• **Records for this exercise**:
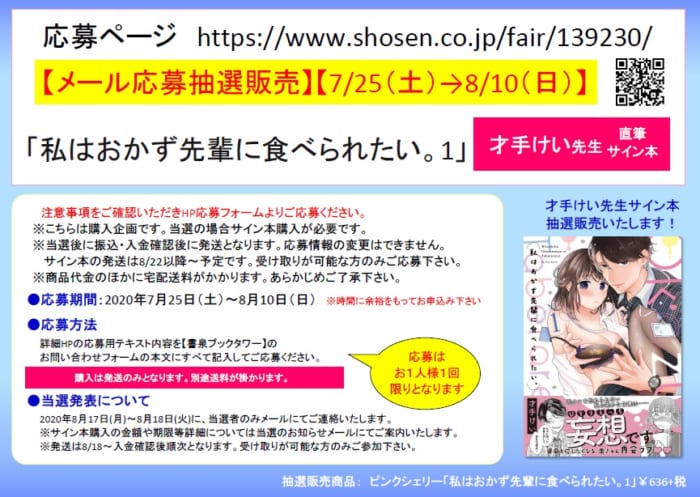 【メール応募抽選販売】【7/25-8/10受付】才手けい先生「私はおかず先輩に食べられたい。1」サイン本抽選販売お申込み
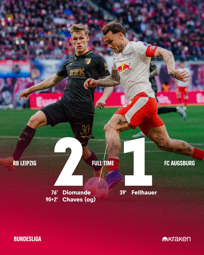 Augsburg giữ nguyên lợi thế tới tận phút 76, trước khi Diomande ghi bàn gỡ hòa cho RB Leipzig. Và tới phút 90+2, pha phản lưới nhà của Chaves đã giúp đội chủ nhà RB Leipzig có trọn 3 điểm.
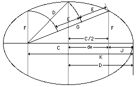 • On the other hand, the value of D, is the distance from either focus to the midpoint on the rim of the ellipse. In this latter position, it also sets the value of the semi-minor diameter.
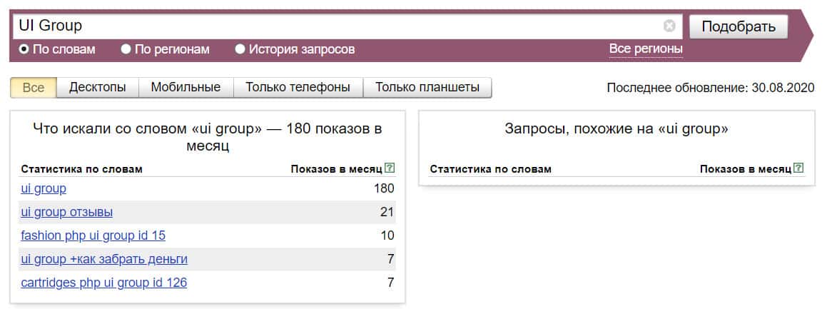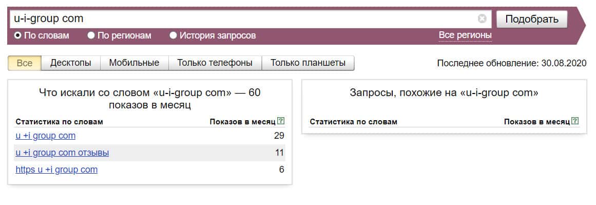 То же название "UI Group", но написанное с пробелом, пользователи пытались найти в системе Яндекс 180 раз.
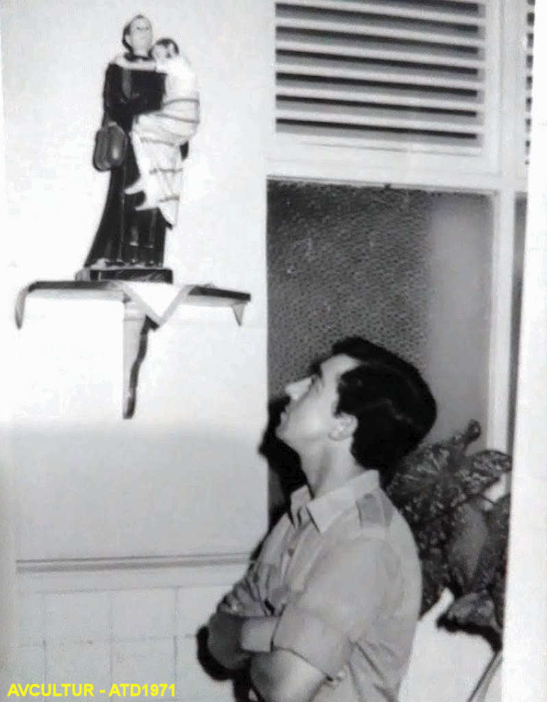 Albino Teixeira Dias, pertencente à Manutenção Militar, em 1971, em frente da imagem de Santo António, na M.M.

• **Task to complete**: Your answer should set down the listing verbatim and leave out its images.

• **Reply to the exercise**:
 【メール応募抽選販売】【7/25-8/10受付】才手けい先生「私はおかず先輩に食べられたい。1」サイン本抽選販売お申込み
 Augsburg giữ nguyên lợi thế tới tận phút 76, trước khi Diomande ghi bàn gỡ hòa cho RB Leipzig. Và tới phút 90+2, pha phản lưới nhà của Chaves đã giúp đội chủ nhà RB Leipzig có trọn 3 điểm.
 • On the other hand, the value of D, is the distance from either focus to the midpoint on the rim of the ellipse. In this latter position, it also sets the value of the semi-minor diameter.
 То же название "UI Group", но написанное с пробелом, пользователи пытались найти в системе Яндекс 180 раз.
 Albino Teixeira Dias, pertencente à Manutenção Militar, em 1971, em frente da imagem de Santo António, na M.M.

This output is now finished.